Newsletter

4/14/09 - The Spring 2009 (PDF) edition of the CAC newsletter is available.

Newsletter Archive

 

The University of Florida , the University of Arizona and Rutgers, the State University of New Jersey , have established a national research center for autonomic computing (CAC).

This center is funded by the Industry/University Cooperative Research Center program of the National Science Foundation, CAC members from industry and government, and university matching funds.

Robust Clustering Analysis for Self-Monitoring Distributed Systems

Principal researchers: Manish Parashar and Andres Quiroz (Rutgers University), Current collaborators: Naveen Sharma and Nathan Gnanasambandam (XEROX)

The control and timely management of large-scale distributed systems, such as device networks, data centers, and compute clusters are tasks that are rapidly exceeding human ability, given their complexity, dynamics, and large amounts of data involved. Thus, the automated and online management of these systems is essential to ensure their continued performance and robust operation. Fortunately, systems' available in-network resources can be harnessed to perform self-monitoring and data analysis tasks which are crucial for effective management.

A self-monitoring system is able to observe and analyze system state and behavior, to discover anomalies or violations, and to notify autonomic or human administrators in a timely manner so that appropriate management actions can be effectively applied. Furthermore, implementing the analysis technique in a decentralized and in-network fashion (using network resources and minimal extraneous information) ensures computational tractability and acceptable response times. However, because self-monitoring mechanisms are subject to the same failures that occur in the network that they are helping to manage, the robustness of these mechanisms is of great importance to ensure overall system reliability. Therefore, it is very important to ensure the robustness of the proposed solution at different levels.

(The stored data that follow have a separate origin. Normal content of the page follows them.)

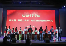 学院领导先后上台为优秀个人和团队颁奖。孙德刚颁发了团体和单人奖;黄志秋颁发了生态畜牧场规划设计,饲料原料快速鉴定与掺假识别一一掺假鱼粉的鉴定,鸡的精液采集、品质检测及人工授精,猪的外形评分、活体背膘厚与眼肌面积测定的一二三等奖;郝桂英颁发了兔胃切开术,家禽解剖,小白鼠解剖和病原接种以及团体一二三等奖;黄增文颁发了水产养殖学专业水族缸造景设置一、二等奖。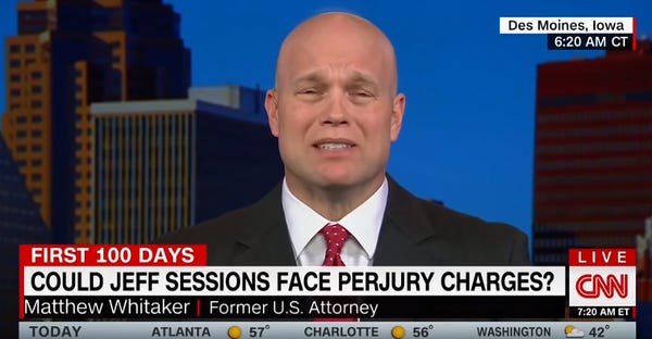 It's possible Whitaker isn't under investigation anymore. The Washington Post reports that the feds looked at Whitaker's dealings with the company "last year." WaPo also reports that when the FTC came a-calling with a subpoena for Whitaker's records, he told them to fuck off because he was too busy right then. All patriotic Americans know that if you get a subpoena and you are very busy, you just check off the box that says "BRB DOIN' STUFF" and the subpoena is rendered invalid.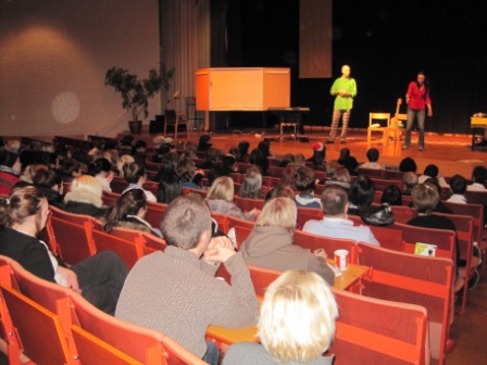 Miljöshow på Wenströmska Dagens höjdpunkt var förställningen ”Utomhus & Inombords" som spelades av musikerna och showartisterna Cecilia Bergqvist och Bengt Erlandsson. Det är en fundig, musikalisk och tänkbar föreställning om hur vi tar oss an klimatfrågan från tv-soffan. Den framfördes med en ypperlig blandning av komik och allvar, anser Charlotte Bäckström projektledare för Coola Kålroten. Dagsaktuella ämnenDagen gav information och diskussioner om dagsaktuella frågor som klimatförändringarna, kemikalier, djurhänsyn och ekonomi. - Vi vill inte spä på ungdomars klimatångest och frustration utan istället ge konkreta tips på hur vi alla kan bidra genom ”S.M.A.R.T.-a” val i vardagen, påpekar Charlotte Bäckström. Charlotte Bäckström 2009-12-08 |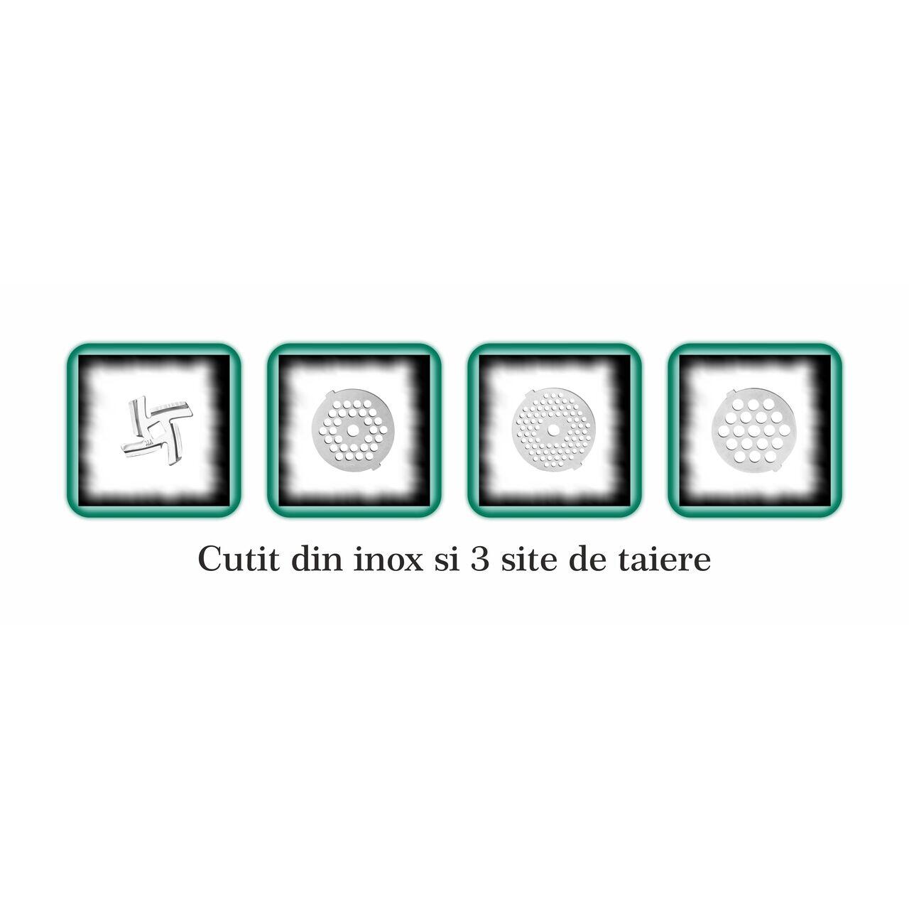 ?? 3 site din inox pentru tocare: 3 mm, 5 mm si 7 mm.

Working toward achieving the goals outlined above, the main contribution of this work is the formulation and validation of a robust decentralized data analysis mechanism [1] that applies density-based clustering techniques [2-4] to identify anomalies and clusters of arbitrary size and shape in monitoring data. Clustering data is given in the form of periodic behavior and operational status updates events from system components, defined in terms of known attributes. The event attributes are used to construct a multidimensional coordinate space, which is then used to measure the similarity of events. Components that behave in a similar fashion can then be identified by the clusters formed by their status events in this space, while devices with abnormal behavior will produce isolated events. The clustering algorithm requires minimal computation at processing nodes, which makes it suitable for online execution.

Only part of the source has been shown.